Против истины, как известно, оружие не выковано: Каладиум, Клематис и Птерис испарились друг за другом.
Первый сыграл чисто — не придерешься. Второй выдал себя в миг пожара. А третий обронил на поле брани фибулу. В гибелях дриад повинны вырожденцы, которых, как верно выразился Аспарагус, трудно держать под узды. И вот Каладиуму попалась девушка-целитель, способная взывать их к разуму.
Так и получилось, что он позвал Эсфирь туда, где воспитывает двукровных — к дриаде с золотыми глазами.
Кто эта женщина? Может, кочевница, которой Каладиум напел в уши сладких песен? Девицы ведь на него роями мух слетаются. Как сказал однажды отец Олеандра: «Каладиум не только виртуозный боец, природа вдобавок наградила его притягательным внешним обликом».
Словом, у него достаточно красивые лицо и тело, чтобы девушки упускали из внимания его двуликую сущность.
И все же Каладиум не стал бы слушать рядовую соплеменницу! Нет-нет. Глупый вывод!
— Златые очи, — в очередной раз прозвенело сбоку, и Олеандр покосился на брата, чей скакун ступал рядом.
— Золотые глаза, — прошептал Олеандр. — У Азалии золотые глаза…
Возможно ли, что она жива?..
Мир перед глазами порвало на части. Проглоченные на скаку плоды запросились наружу, и Олеандр прижал кулак ко рту, загоняя их обратно. Створки восприятия захлопнулись, и путь провалился в черноту неосознания.
Вскоре скакуны замерли у главных врат. Олеандр сжался, придавленный грузом неясного будущего и задумчивого молчания. Он помнил, как сопроводил Эсфирь к хижине. Помнил, как увековечил на листе оттиск, написав, что отменяет приказ отца задержать Глендауэра.

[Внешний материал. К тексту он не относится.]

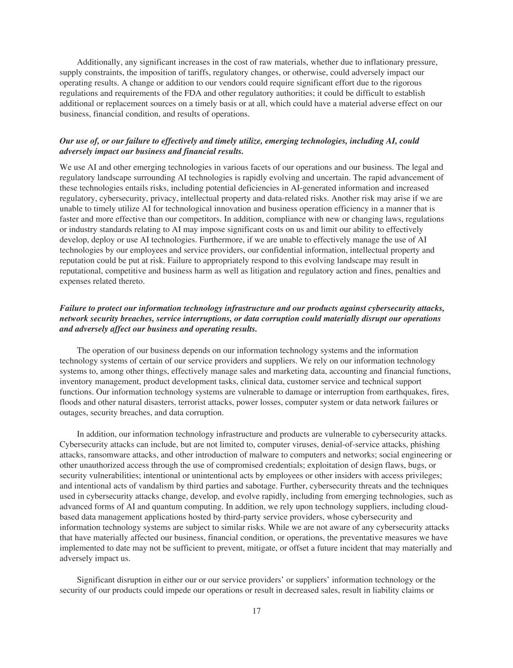 Additionally, any significant increases in the cost of raw materials, whether due to inflationary pressure, supply constraints, the imposition of tariffs, regulatory changes, or otherwise, could adversely impact our operating results. A change or addition to our vendors could require significant effort due to the rigorous regulations and requirements of the FDA and other regulatory authorities; it could be difficult to establish additional or replacement sources on a timely basis or at all, which could have a material adverse effect on our business, financial condition, and results of operations. Our use of, or our failure to effectively and timely utilize, emerging technologies, including AI, could adversely impact our business and financial results. We use AI and other emerging technologies in various facets of our operations and our business. The legal and regulatory landscape surrounding AI technologies is rapidly evolving and uncertain. The rapid advancement of these technologies entails risks, including potential deficiencies in AI-generated information and increased regulatory, cybersecurity, privacy, intellectual property and data-related risks. Another risk may arise if we are unable to timely utilize AI for technological innovation and business operation efficiency in a manner that is faster and more effective than our competitors. In addition, compliance with new or changing laws, regulations or industry standards relating to AI may impose significant costs on us and limit our ability to effectively develop, deploy or use AI technologies. Furthermore, if we are unable to effectively manage the use of AI technologies by our employees and service providers, our confidential information, intellectual property and reputation could be put at risk. Failure to appropriately respond to this evolving landscape may result in reputational, competitive and business harm as well as litigation and regulatory action and fines, penalties and expenses related thereto. Failure to protect our information technology infrastructure and our products against cybersecurity attacks, network security breaches, service interruptions, or data corruption could materially disrupt our operations and adversely affect our business and operating results. The operation of our business depends on our information technology systems and the information technology systems of certain of our service providers and suppliers. We rely on our information technology systems to, among other things, effectively manage sales and marketing data, accounting and financial functions, inventory management, product development tasks, clinical data, customer service and technical support functions. Our information technology systems are vulnerable to damage or interruption from earthquakes, fires, floods and other natural disasters, terrorist attacks, power losses, computer system or data network failures or outages, security breaches, and data corruption. In addition, our information technology infrastructure and products are vulnerable to cybersecurity attacks. Cybersecurity attacks can include, but are not limited to, computer viruses, denial-of-service attacks, phishing attacks, ransomware attacks, and other introduction of malware to computers and networks; social engineering or other unauthorized access through the use of compromised credentials; exploitation of design flaws, bugs, or security vulnerabilities; intentional or unintentional acts by employees or other insiders with access privileges; and intentional acts of vandalism by third parties and sabotage. Further, cybersecurity threats and the techniques used in cybersecurity attacks change, develop, and evolve rapidly, including from emerging technologies, such as advanced forms of AI and quantum computing. In addition, we rely upon technology suppliers, including cloud- based data management applications hosted by third-party service providers, whose cybersecurity and information technology systems are subject to similar risks. While we are not aware of any cybersecurity attacks that have materially affected our business, financial condition, or operations, the preventative measures we have implemented to date may not be sufficient to prevent, mitigate, or offset a future incident that may materially and adversely impact us. Significant disruption in either our or our service providers’ or suppliers’ information technology or the security of our products could impede our operations or result in decreased sales, result in liability claims or 17

Увековечил, омылся — и упал без сил. Набивка ложа просела, зашелестела под тяжестью его тела.
Сон все крепче сжимал Олеандра в объятиях, когда бессодержательную тьму расшевелил голос брата:
— Припомните давнюю беседу с владыкой Антуриумом. Тогда вы говорили о летописях и бойне близ Морионовых скал.
Вообще-то Олеандр не поддавался словесным внушениям. Но той ночью все пошло наперекосяк. Просьба брата набатом отразилась в ушах. И нужное воспоминание расчертилось в сознании.
***
В ту пору, когда погибли двукровные дети Азалии, Олеандру не стукнуло и двух лет от роду. Злоключения тётки прошли мимо него, но породили вопросы после прочтения летописей уже в сознательном возрасте. Отчасти интерес к её бедам подогрели подтертые строчки на страницах, где речи велись о бойне близ Морионовых скал. Отчасти — наречение Антуриума сестроубийцей. А ещё тем, кто вынес двукровным детям Азалии смертный приговор.

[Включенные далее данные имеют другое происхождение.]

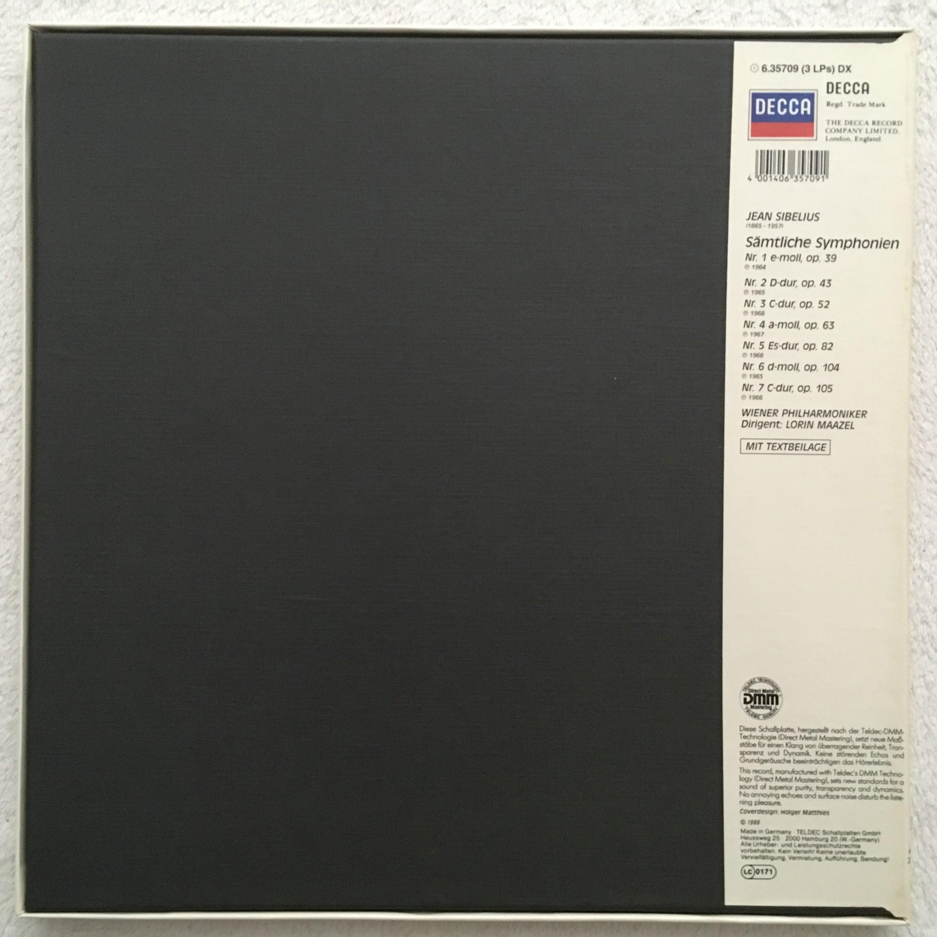 E514 Sibelius Complete Symphonies Maazel VPO 3LP DECCA 6.35709 DX Digital Stereo

Все знали: бойню с детьми Азалии развязал Эониум по доносу Гинуры. Тут-то и всплывал вопрос — при чём здесь Антуриум?
Верить слухам все равно что портрет с закрытыми глазами рисовать. Олеандр решил не расспрашивать поселенцев. Он сразу обратился к отцу и спросил, по какому такому праву историки очернили имя правителя.

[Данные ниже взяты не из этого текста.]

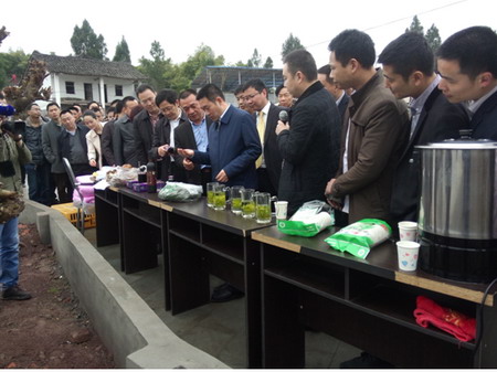 3月18日上午,達(dá)州市渠縣縣委書(shū)記王善平及四大班子主要成員、各鄉(xiāng)鎮(zhèn)主要領(lǐng)導(dǎo)在巖峰鎮(zhèn)鷂山村召開(kāi)了“產(chǎn)村一體”蠶桑專(zhuān)題現(xiàn)場(chǎng)會(huì),王善平一同參觀了標(biāo)準(zhǔn)化養(yǎng)蠶大棚、烘干設(shè)備及展示的桑椹酒、桑芽茶、桑茸菇等產(chǎn)品,并親口品嘗了桑芽茶,他點(diǎn)頭示意,連連稱贊口感好,并對(duì)分管農(nóng)業(yè)的副縣長(zhǎng)羅謙同志說(shuō)道:“要把桑芽茶抓好”。

— Всё верно, — ответствовал тогда отец. Окруженный дымом благовоний, он сидел за столом на веранде. — Летописи не лгут.
— Что?! — Олеандр плюхнулся на стул.
Потрясение стекло по затылку каплей пота. Он расстроился, правда, сам не понял почему. Сердце обожгло какое-то неясное чувство, которому он никак не мог отыскать определения.
— Разочарован? — Отцу всегда было достаточно взгляда, чтобы прочитать его, как открытую книгу.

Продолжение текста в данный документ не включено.